***** INFORMATION SHOWN *****

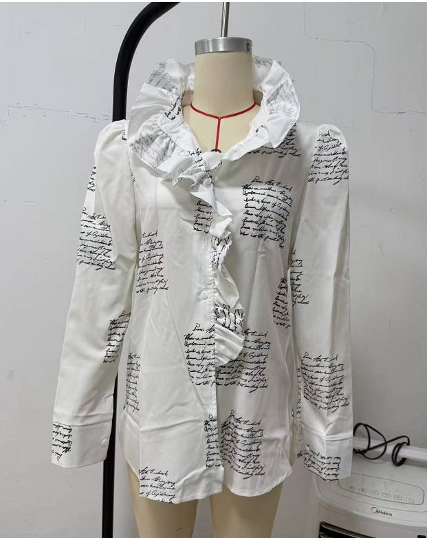 2023 유럽 및 미국 독립 스테이션 AliExpress 국경 간 새로운 추상 인쇄 버블 슬리브 러플 칼라 여성용 셔츠 _
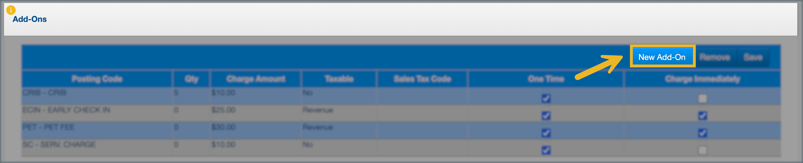 1. Click New Add-On. A blank row appears at the top of the list where you can enter the new add-on details.
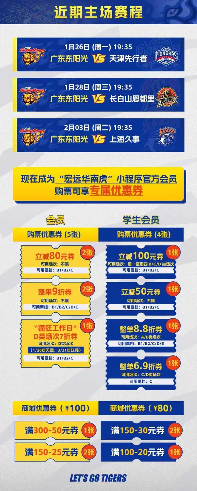 1月26日前瞻 I 华南虎继续主场征程,迎战天津
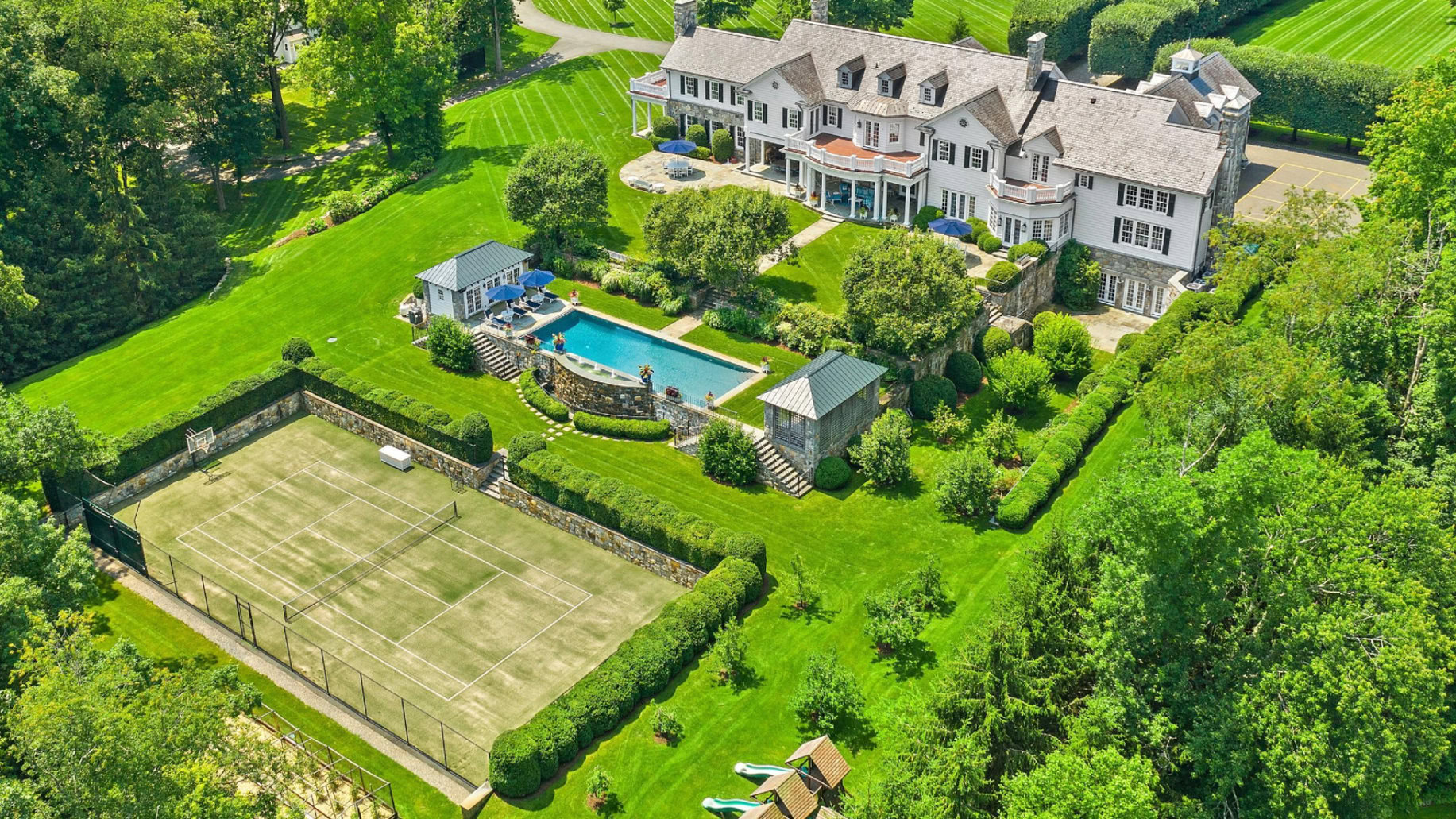 Where Stonehill kicks it up a notch is in the gym with an indoor half-court, massage room, synthetic turf tennis court, dining area which can comfortably accommodate up to 40 guests, meticulously manicured gardens, and pleached linden tree-lined driveway. The grounds also include a four-bedroom guest house, three-bedroom cottage, and two-bedroom cottage.

*****

WHAT IS NEEDED:
With the images removed, reproduce all the material above word for word.

TASK ANSWER:
 2023 유럽 및 미국 독립 스테이션 AliExpress 국경 간 새로운 추상 인쇄 버블 슬리브 러플 칼라 여성용 셔츠 _
 1. Click New Add-On. A blank row appears at the top of the list where you can enter the new add-on details.
 1月26日前瞻 I 华南虎继续主场征程,迎战天津
 Where Stonehill kicks it up a notch is in the gym with an indoor half-court, massage room, synthetic turf tennis court, dining area which can comfortably accommodate up to 40 guests, meticulously manicured gardens, and pleached linden tree-lined driveway. The grounds also include a four-bedroom guest house, three-bedroom cottage, and two-bedroom cottage.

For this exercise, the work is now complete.